Он шёл от вешки к вешке, и каждые три шага бил шестом. Глухо. Глухо. Глухо. Лошадь за спиной фыркала, и копыта стучали по льду, и звук копыт был другим, не таким, как на земле, – гулким, объёмным, будто подо льдом был зал, большой и пустой.
На пятистах метрах лёд треснул.
Не под ногами – в стороне, метрах в двадцати правее. Трещина пошла с хрустом, как рвётся полотно, и Модин остановился, и лошадь остановилась, и все десять подвод за ним остановились, и на секунду стало тихо, и в тишине трещина разговаривала сама с собой – хрустела, скрипела, потрескивала, расходясь по льду зигзагом. Потом затихла.
Модин посмотрел вниз, под ноги. Трещина прошла в двадцати метрах, не под ним. Лёд, на котором он стоял, держал. Он ударил шестом: глухо. Ещё раз: глухо.
– Продолжаем! – крикнул он, не оборачиваясь, потому что обернуться – значит показать лицо, а на лице, он знал, было не то выражение, которое должен видеть возчик.
Лошадь не хотела идти. Возчик потянул вожжи, причмокнул, сказал что-то – не слово, а звук, тот, которым деревенские разговаривают с лошадьми и который лошади понимают лучше слов. Лошадь дёрнула ушами, фыркнула и пошла. Полозья скрипнули по льду.

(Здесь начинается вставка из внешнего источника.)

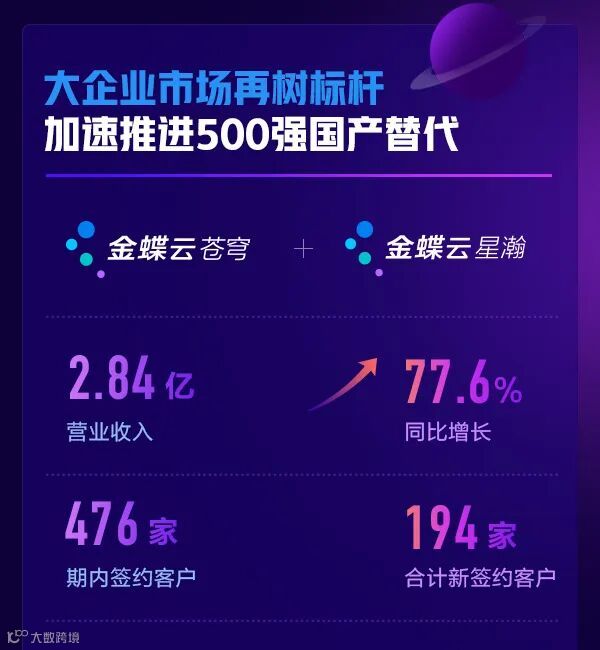 报告期内,金蝶云·苍穹和金蝶云·星瀚合计录得收入约人民币2.84亿元,同比增长77.6%,续费率较去年同比保持稳定;期内签约客户476家,新签客户194家,包括山东重工、中国通用集团、五矿国际、金地集团、柳工集团、广东能源、重庆医药等超大型和大型企业。此外,公司继续引入战略级交付伙伴,实现交付直签突破,支撑公司全面进攻大企业市场战略。过去两年,苍穹和星瀚已经累计帮助122家企业完成国产化替代,助力华为、万科、招商局、物产中大、河钢集团、沙钢集团等众多世界500强进行数字化管理重构。

Километр. Два. Три. Вешки проплывали мимо, одна за другой, красные тряпки на палках, и каждая тряпка была островом, до которого нужно дойти, и от которого начинался путь к следующему. Модин шёл и бил шестом, и звук менялся: здесь глуше, здесь звонче, здесь опять глуше. Карта Соловьёва, которую он помнил наизусть, говорила: на этом участке мелко, на следующем – глубже, а вон там, левее, – подводный ключ, и там лёд тоньше на три сантиметра, и туда не ходить.
На пятом километре лёд затрещал под передней подводой.
Не треснул – затрещал. Негромко, мелко, как трещит стекло, когда на него давят медленно. Модин обернулся. Лошадь стояла, ноги расставлены, уши прижаты. Под полозьями саней лёд покрылся сеткой тонких трещин, белых на тёмном, как паутина.
– Стой! – крикнул Модин. – Не двигаться!
Возчик натянул вожжи. Лошадь замерла. Сани стояли. Пятьсот килограммов муки давили на полозья, полозья давили на лёд, и лёд решал: держать или нет.
Секунды. Три, четыре, пять. Трещины не расширялись. Лёд скрипел, но не ломался. Модин подошёл, осторожно, каждый шаг – как по битому стеклу. Присел. Провёл рукой по трещинам. Поверхностные. Не сквозные – верхний слой, корка. Под коркой – основной лёд, плотный, тёмный.
– Можно, – сказал он. – Медленно. Шагом. Без рывков.
Возчик тронул. Лошадь пошла – мелко, осторожно, как ходят по карнизу. Полозья скользили по трескучему льду, и трещины расходились вокруг них веером, но лёд не проваливался, и сани ехали, и пятьсот килограммов муки ехали, и за ними – вторая подвода, третья, и каждый возчик держал дистанцию тридцать метров, чтобы не нагружать лёд в одной точке.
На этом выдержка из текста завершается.